Cellular phone carriers use over-the-air broadcast signals or frequencies, so you can complete calls, download data, surf the Net or check your social media pages. All over-the-air frequencies are commonly called the "spectrum," and are issued and controlled by the Federal Communications Commission. FCC oversight ensures signals from one carrier or broadcast entity don’t overlap with those of others. A complete list of carriers and their frequency on the spectrum can be accessed on the FCC website.
The frequencies or spectrum for cellular phones function much like radio stations on your dial. When you tune a radio to 91.7, for example; you’re actually tuning to a station broadcasting at 91.7-MHz. When you call someone on a mobile phone, you’re using the frequency assigned to that carrier. The difference between broadcast frequencies and cellular phone frequencies is that radio station signals will fade as you get farther away from the transmitter. Cellular phone networks are set up with towers that pick up the signals as you travel, allowing uninterrupted service across town or across the country.
AT&T uses a combination of the 850-MHz and 1900-MHz frequencies for 2G, 3G and voice communications. For its 4G LTE (Long Term Evolution) network AT&T utilizes the Lower 700-MHz C block with frequencies ranges from 698 to 746-MHz.
Sprint PCS uses CDMA (Code Division Multiple Access) technology at the 1900-MHz frequency. This applies to both voice coverage and EVDO broadband. For its 4G TLE network Sprint utilizes the 1.9-GHz and 800-MHz frequency ranges.
Verizon uses a combination of the 850-MHz and 1900-MHz frequencies for 2G, 3G and voice communications. For its 4G LTE network Verizon utilizes the Upper 700-MHz C block with frequencies ranges from 746 to 787-MHz.

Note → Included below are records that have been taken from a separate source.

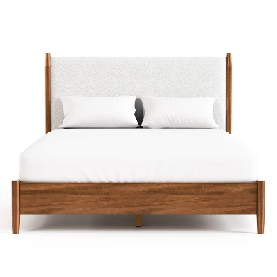 Introducing a mid-century modern 3-piece bedroom set that radiates timeless elegance and functional design. This exquisite collection features a stylish platform bed and 2-matching nightstands, crafted to infuse warmth and sophistication into your bedroom. At the heart of this set lies the stunning platform bed, adorned with a rich walnut finish that beautifully highlights the natural grain of the wood. The headboard serves as a striking focal point, boasting clean lines and a minimalist silhouette that seamlessly complements various interior styles. Crafted from high-quality materials, the sturdy platform frame ensures durability and stability, providing a solid foundation for a restful night’s sleep. The bed’s modern design eliminates the need for a box spring, making it a practical and sleek choice for contemporary living. Accompanying the bed are 2-matching nightstands, each reflecting the same rich walnut finish. These nightstands are designed with clean lines and splayed legs that add a touch of retro flair. Each nightstand features 2-spacious drawers, adorned with sleek brass handles that enhance their vintage appeal. The drawers glide smoothly on metal runners, offering effortless access to your bedside essentials. Whether it’s books, reading glasses, or nighttime skincare products, these drawers provide ample storage to keep your bedroom organized and clutter-free.
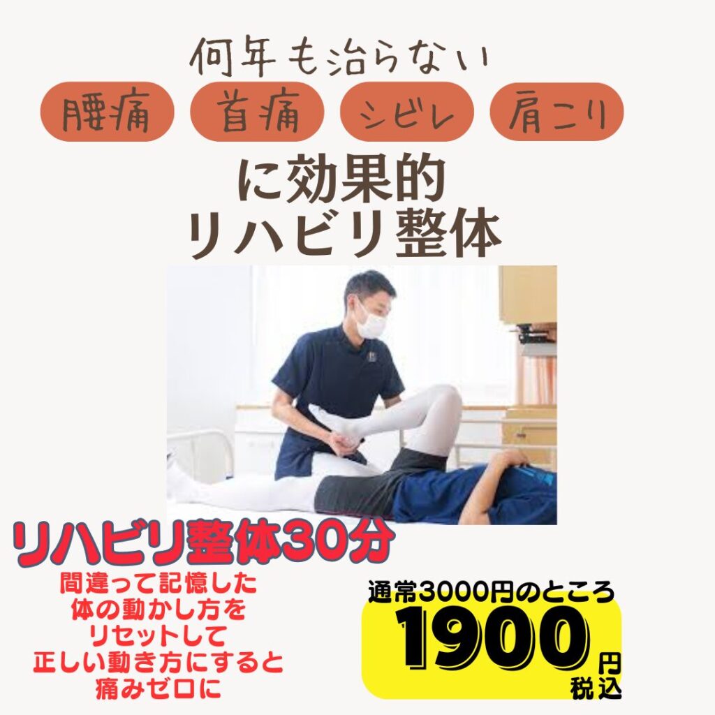 【頑固な腰痛に リハビリ整体30分コース 12/30までの限定価格】 LINE予約する リハビリ整体の具体的な施術の流れ 今すぐLINE予約する 【ねじれ筋のばし整体30分コース 11/30までの限定価格】 LINEから予約する
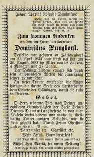 Totenbild von Dominikus Punghorst, verstorben am 26.8.1883
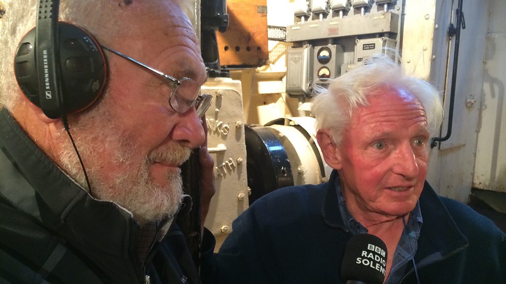 Sir Robin Knox-Johnston takes a tour of historic tug Challenge with Jerry Lewis.
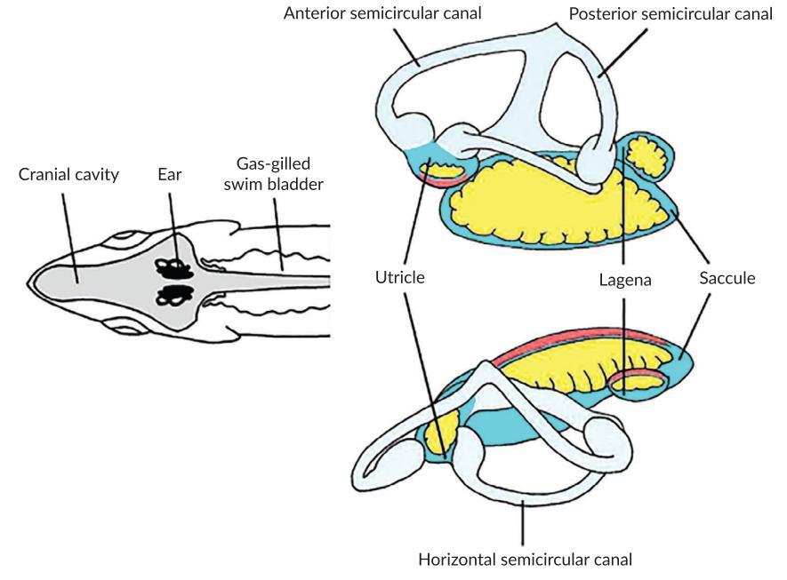 几乎所有的鱼类都能听到声音。由于鱼类身体的密度和周围海水相当,它们无需收集声音的外部结构(不似在陆地上的我们,有外耳和中耳),一双位于颅腔内鱼脑旁的内耳就是它们的听力器官。内耳中有三对钙质的耳石,紧靠着感觉表皮,负责听觉的产生。
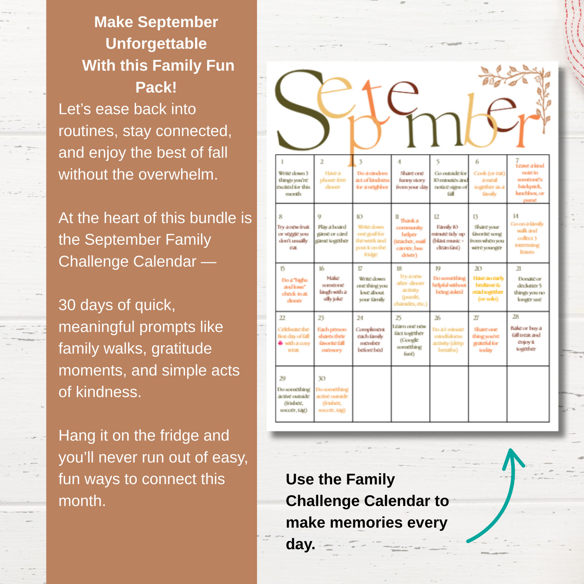 At the heart of this bundle is the September Family Challenge Calendar — 30 days of quick, meaningful prompts like family walks, gratitude moments, and simple acts of kindness. Hang it on the fridge and you’ll never run out of easy, fun ways to connect this month.
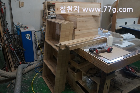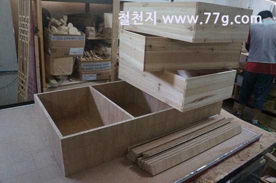 서랍이 들어가는 부분은 문짝과 경첩의 간섭을 피하기 위해
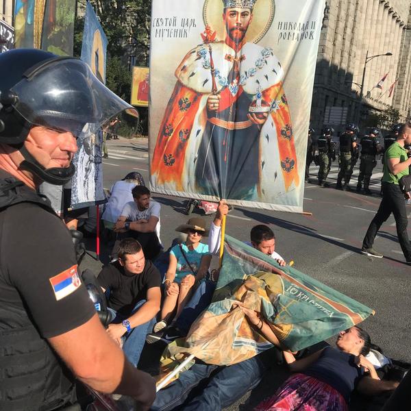 Osim raznih transparenata, u kolonoi prajda bila je i ikona Bogorodice.
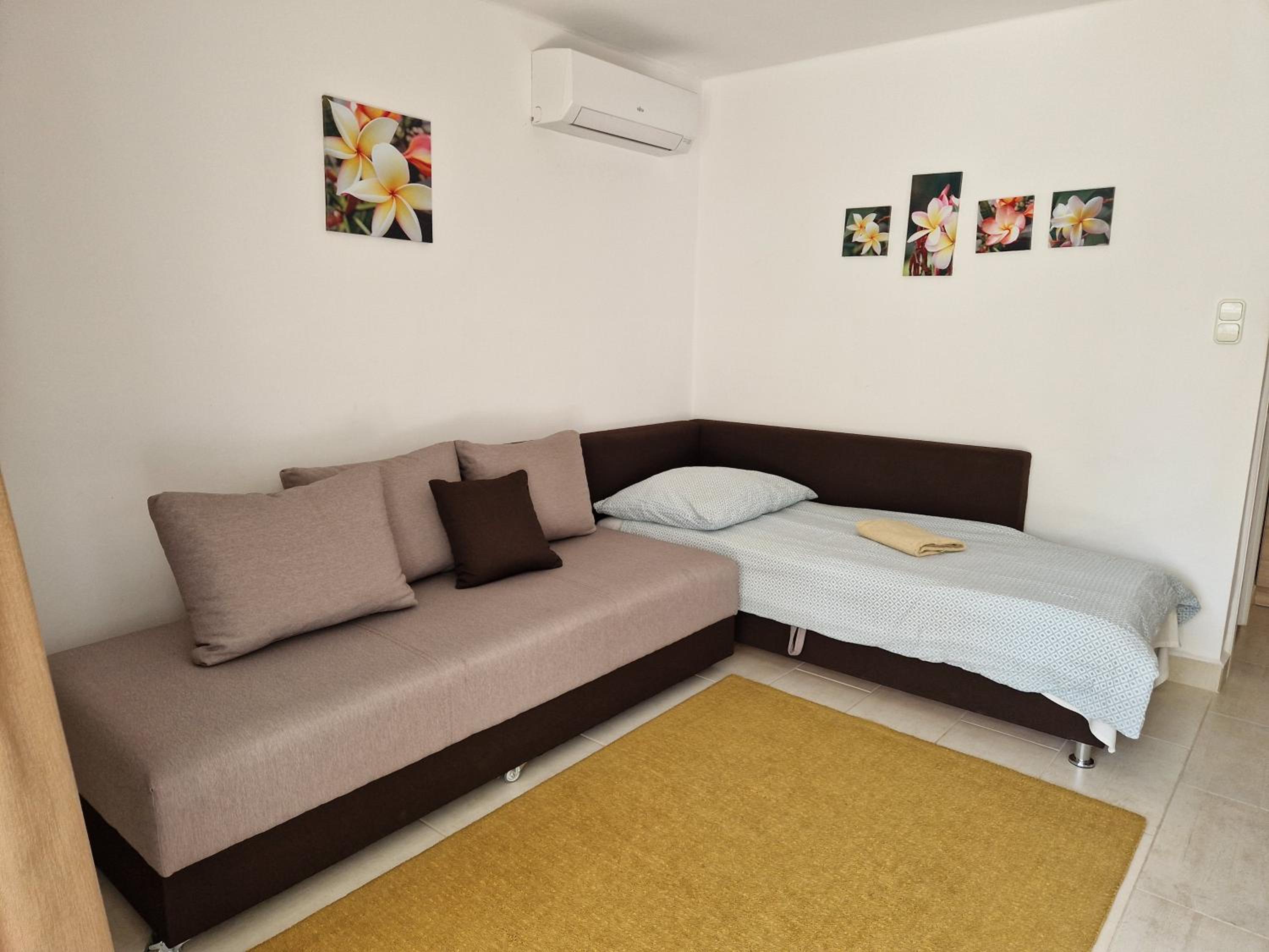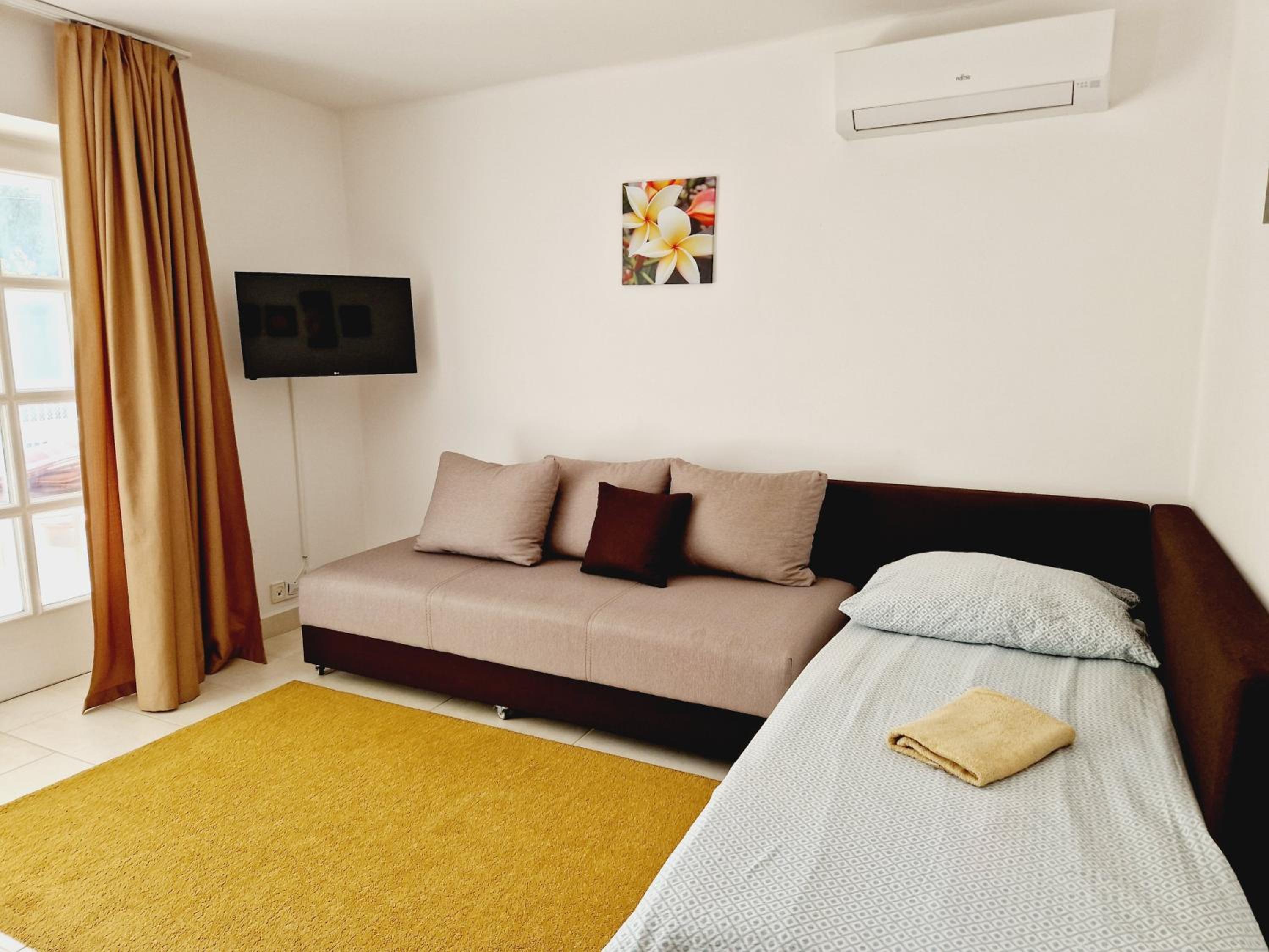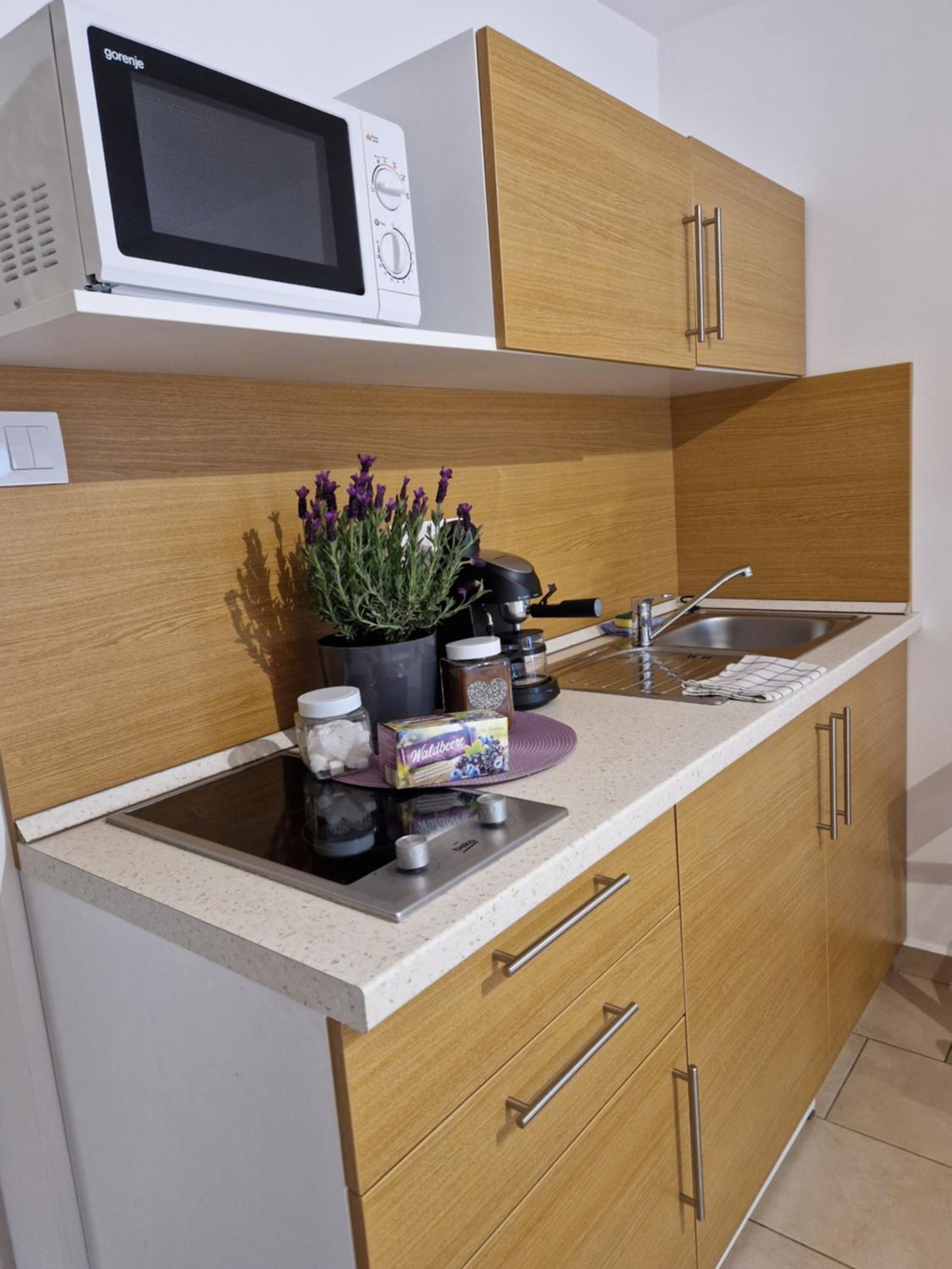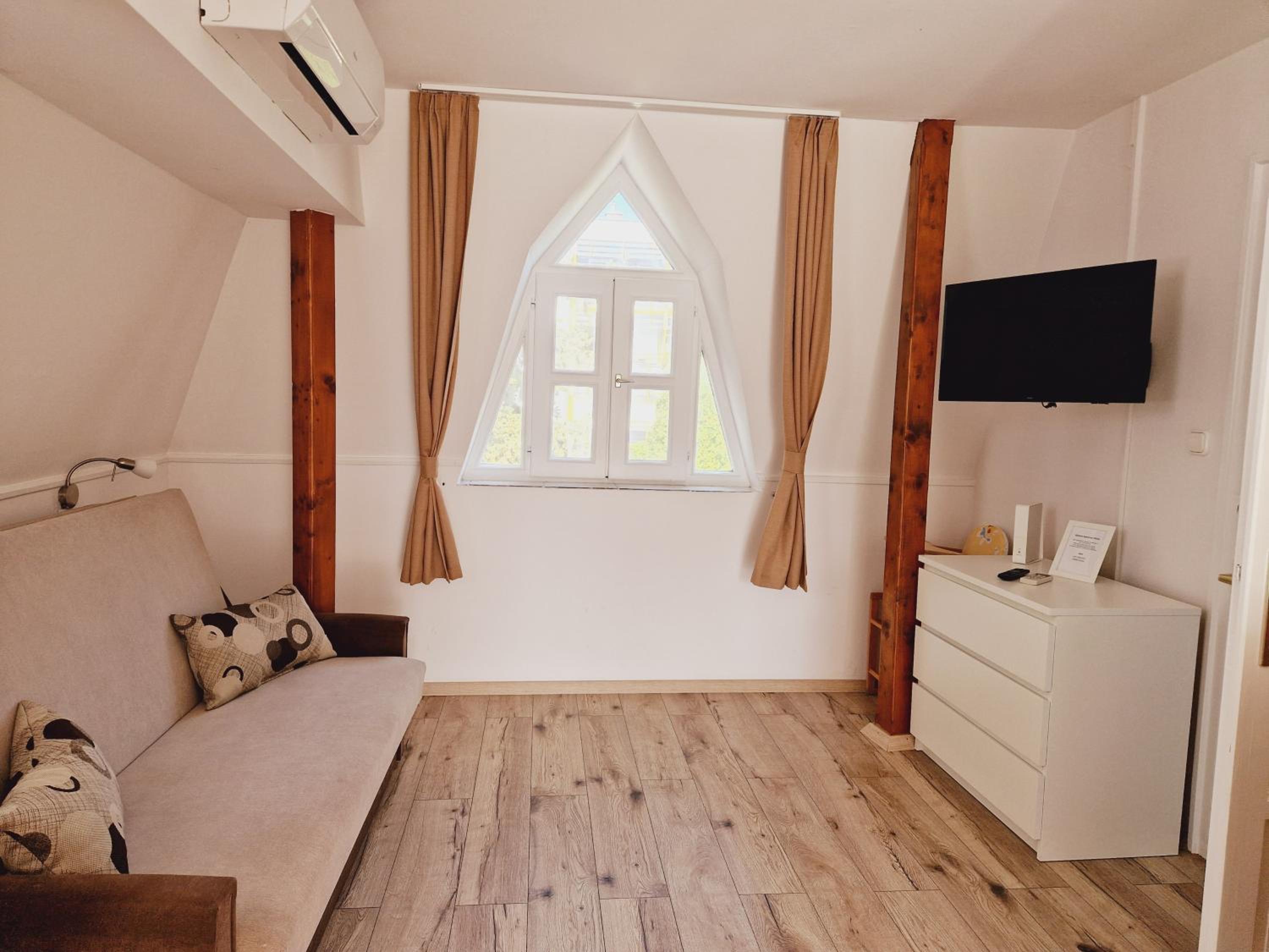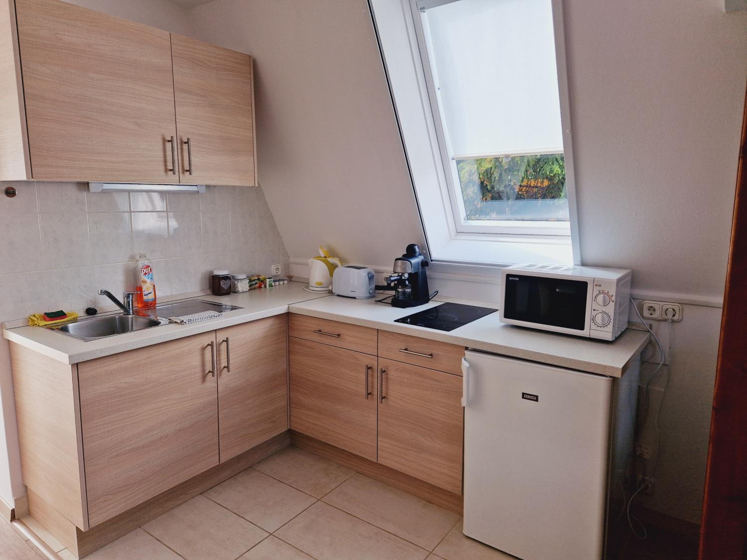 Although the studio is great, it has a few minor shortcomings that the hosts could easily fix. There are reading lights available, but unfortunately they don’t serve their purpose—one of them didn’t even work. There was only one large shallow plate, and just one small towel for hands and face (even though there were two of us). There are no towel hooks or racks, so towels have to be hung on chairs or other improvised spots. There was a sewage smell coming from the shower, which was quite unpleasant. The bathroom window doesn’t have a mosquito screen, so it can’t really be opened for ventilation. Although the kitchen is well equipped, it’s missing at least a ladle. The apartment is quite small, but that didn’t bother us. From the photos, it’s not entirely clear what you’re getting, as there are four apartments in the house and the images are mixed together. Despite all this, the stay was very pleasant, and with a few small improvements, I would have rated it a 10.

T-Mobile uses the 1700-MHz frequency for its network. For its 4G network, T-Mobile utilizes the 1700 to 2100-MHz frequency ranges.
With the addition of millions of new data-consuming devices, from cell phones to tablets, the need for additional bandwidth on the spectrum is staggering. The FCC is working on ways to make more spectrum available for commercial use. These include reclaiming government bands for commercial applications, and using underused TV frequencies to increase spectrum space. The FCC has set a goal of making up to 500-MHz of spectrum available for wireless broadband use by 2020, according to an article on CNET.com. Meeting the insatiable demand for spectrum space presents an incredible challenge for the FCC.